監控與告警
本文檔說明花店管理系統的監控配置與告警設定。
監控架構
┌─────────────────┐ ┌─────────────────┐ ┌─────────────────┐
│ Application │────▶│ Prometheus │────▶│ Grafana │
│ (Actuator) │ │ (收集指標) │ │ (視覺化) │
└─────────────────┘ └─────────────────┘ └─────────────────┘
│
▼
┌─────────────────┐
│ AlertManager │
│ (告警通知) │
└─────────────────┘
Spring Boot Actuator
啟用端點
# application.yml
management:
endpoints:
web:
exposure:
include: health,info,metrics,prometheus
base-path: /actuator
endpoint:
health:
show-details: when_authorized
metrics:
export:
prometheus:
enabled: true
可用端點
| 端點 | 說明 |
|---|---|
/actuator/health | 健康狀態 |
/actuator/info | 應用程式資訊 |
/actuator/metrics | 指標列表 |
/actuator/prometheus | Prometheus 格式指標 |
健康檢查
內建健康指標
- db:資料庫連線狀態
- diskSpace:磁碟空間
- mail:郵件服務狀態
自訂健康指標
@Component
public class CacheHealthIndicator implements HealthIndicator {
private final CacheManager cacheManager;
@Override
public Health health() {
if (cacheManager.isHealthy()) {
return Health.up()
.withDetail("cacheSize", cacheManager.size())
.build();
}
return Health.down()
.withDetail("error", "Cache unavailable")
.build();
}
}
指標收集
關鍵指標
| 指標 | 說明 |
|---|---|
http_server_requests_seconds | HTTP 請求延遲 |
jvm_memory_used_bytes | JVM 記憶體使用 |
hikaricp_connections_active | 資料庫連線池活躍連線 |
cache_gets_total | 快取命中/未命中次數 |
自訂指標
@Service
public class OrderService {
private final Counter orderCounter;
private final Timer orderTimer;
public OrderService(MeterRegistry registry) {
this.orderCounter = Counter.builder("orders.created")

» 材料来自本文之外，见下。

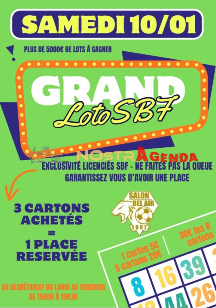 Loto S.B.F – Salon Bel Air Foot Samedi 11 janvier 2025 ouverture de portes à 18h Espace Charles Trenet Buvette et restauration sur place De nombreux lots à gagner SOURCE
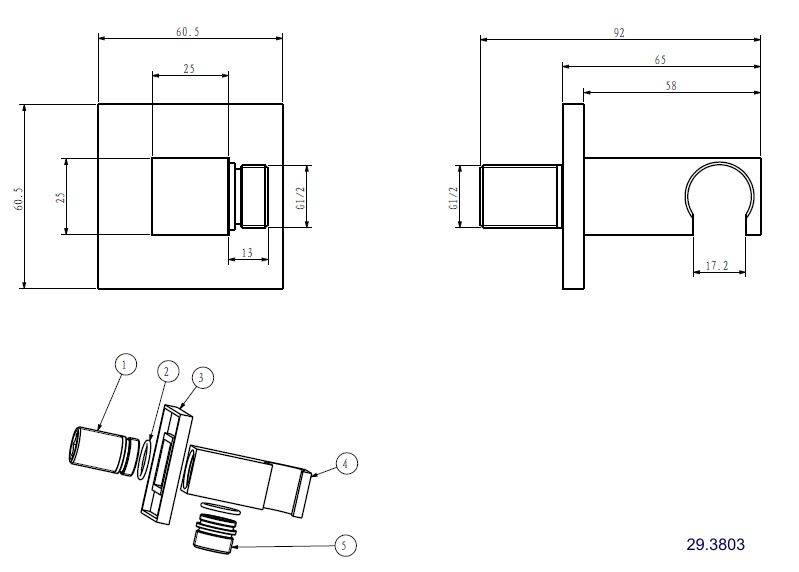 Wiesbaden luxe muur doucheaansluiting+opsteek vierk.1/2'' zwart

.description("Number of orders created")
.register(registry);
this.orderTimer = Timer.builder("orders.processing.time")
.description("Order processing time")
.register(registry);
}
public Order createOrder(OrderRequest request) {
return orderTimer.record(() -> {
Order order = // ... 建立訂單邏輯
orderCounter.increment();
return order;
});
}
}
Prometheus 配置
# prometheus.yml
scrape_configs:
- job_name: 'florist-api'
metrics_path: '/actuator/prometheus'
static_configs:
- targets: ['api.florist.leandev.io:8080']
- job_name: 'florist-web-host'
metrics_path: '/actuator/prometheus'
static_configs:
- targets: ['florist.leandev.io:8080']
告警規則
Prometheus AlertManager
# alert.rules.yml
groups:
- name: florist-alerts
rules:
- alert: HighErrorRate
expr: rate(http_server_requests_seconds_count{status=~"5.."}[5m]) > 0.1
for: 5m
labels:
severity: critical
annotations:
summary: "High error rate detected"
- alert: HighMemoryUsage
expr: jvm_memory_used_bytes / jvm_memory_max_bytes > 0.9
for: 10m
labels:
severity: warning
annotations:
summary: "JVM memory usage above 90%"
- alert: DatabaseConnectionPoolExhausted
expr: hikaricp_connections_active / hikaricp_connections_max > 0.9
for: 5m
labels:
severity: critical
annotations:
summary: "Database connection pool near exhaustion"
Grafana Dashboard
建議的面板
-
概覽
- 請求總數
- 錯誤率
- 平均回應時間
-
JVM
- 記憶體使用
- GC 次數與時間
- 執行緒數
-
資料庫
- 連線池使用率
- 查詢延遲
-
業務指標
- 訂單數量
- 活躍使用者
日誌整合
結構化日誌
# application.yml
logging:
pattern:
console: "%d{ISO8601} [%thread] %-5level %logger{36} - %msg%n"
level:
io.leandev: DEBUG
org.springframework: INFO
日誌聚合
建議使用 ELK Stack 或 Loki 進行日誌聚合。